[Input records Boundary: Start]

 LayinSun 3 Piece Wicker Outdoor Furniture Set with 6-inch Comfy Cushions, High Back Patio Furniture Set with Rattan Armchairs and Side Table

[Input records Boundary: End]
[Input records Boundary: Start]

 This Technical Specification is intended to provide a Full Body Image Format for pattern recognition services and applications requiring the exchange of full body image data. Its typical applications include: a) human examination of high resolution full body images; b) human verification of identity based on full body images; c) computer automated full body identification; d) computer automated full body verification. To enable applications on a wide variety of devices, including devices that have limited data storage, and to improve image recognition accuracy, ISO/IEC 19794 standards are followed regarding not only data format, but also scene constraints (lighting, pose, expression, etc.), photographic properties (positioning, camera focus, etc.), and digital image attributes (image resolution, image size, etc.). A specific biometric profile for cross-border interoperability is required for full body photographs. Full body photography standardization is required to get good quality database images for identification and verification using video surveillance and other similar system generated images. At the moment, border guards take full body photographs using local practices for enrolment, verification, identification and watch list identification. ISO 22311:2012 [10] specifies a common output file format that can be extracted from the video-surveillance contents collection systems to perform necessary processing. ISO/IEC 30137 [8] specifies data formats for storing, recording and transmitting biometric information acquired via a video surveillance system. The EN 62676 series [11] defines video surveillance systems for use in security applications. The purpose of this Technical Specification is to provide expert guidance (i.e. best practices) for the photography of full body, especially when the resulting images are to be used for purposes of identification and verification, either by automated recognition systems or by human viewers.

[Input records Boundary: End]
[Input records Boundary: Start]

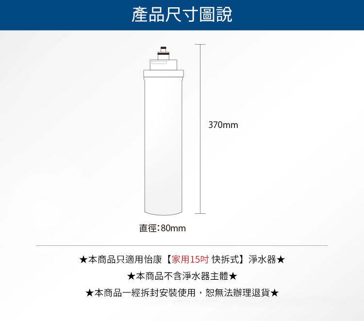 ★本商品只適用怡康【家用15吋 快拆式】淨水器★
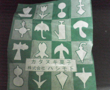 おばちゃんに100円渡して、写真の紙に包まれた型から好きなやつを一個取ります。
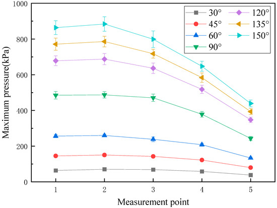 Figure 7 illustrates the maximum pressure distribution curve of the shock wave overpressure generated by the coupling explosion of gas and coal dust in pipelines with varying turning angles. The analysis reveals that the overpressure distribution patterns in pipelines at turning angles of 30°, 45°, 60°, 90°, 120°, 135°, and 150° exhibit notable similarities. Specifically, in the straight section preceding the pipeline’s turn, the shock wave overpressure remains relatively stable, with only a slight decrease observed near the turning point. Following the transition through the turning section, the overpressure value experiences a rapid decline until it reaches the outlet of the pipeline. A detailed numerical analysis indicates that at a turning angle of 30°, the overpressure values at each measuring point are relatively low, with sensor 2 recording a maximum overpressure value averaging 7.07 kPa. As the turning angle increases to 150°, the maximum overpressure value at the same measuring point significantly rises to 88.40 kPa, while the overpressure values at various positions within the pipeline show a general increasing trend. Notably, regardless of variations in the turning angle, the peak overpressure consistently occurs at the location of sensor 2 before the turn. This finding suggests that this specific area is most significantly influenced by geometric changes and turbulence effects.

[Input records Boundary: End]

• _Activity_
Leave out every picture, and copy exactly the lines above starting at the one holding "おばちゃんに100円渡して、写真の紙に包まれた型から好きなやつを一個取ります。" and ending at the one holding "Figure 7 illustrates", no more and no less.

• _Response box_
 おばちゃんに100円渡して、写真の紙に包まれた型から好きなやつを一個取ります。
 Figure 7 illustrates the maximum pressure distribution curve of the shock wave overpressure generated by the coupling explosion of gas and coal dust in pipelines with varying turning angles. The analysis reveals that the overpressure distribution patterns in pipelines at turning angles of 30°, 45°, 60°, 90°, 120°, 135°, and 150° exhibit notable similarities. Specifically, in the straight section preceding the pipeline’s turn, the shock wave overpressure remains relatively stable, with only a slight decrease observed near the turning point. Following the transition through the turning section, the overpressure value experiences a rapid decline until it reaches the outlet of the pipeline. A detailed numerical analysis indicates that at a turning angle of 30°, the overpressure values at each measuring point are relatively low, with sensor 2 recording a maximum overpressure value averaging 7.07 kPa. As the turning angle increases to 150°, the maximum overpressure value at the same measuring point significantly rises to 88.40 kPa, while the overpressure values at various positions within the pipeline show a general increasing trend. Notably, regardless of variations in the turning angle, the peak overpressure consistently occurs at the location of sensor 2 before the turn. This finding suggests that this specific area is most significantly influenced by geometric changes and turbulence effects.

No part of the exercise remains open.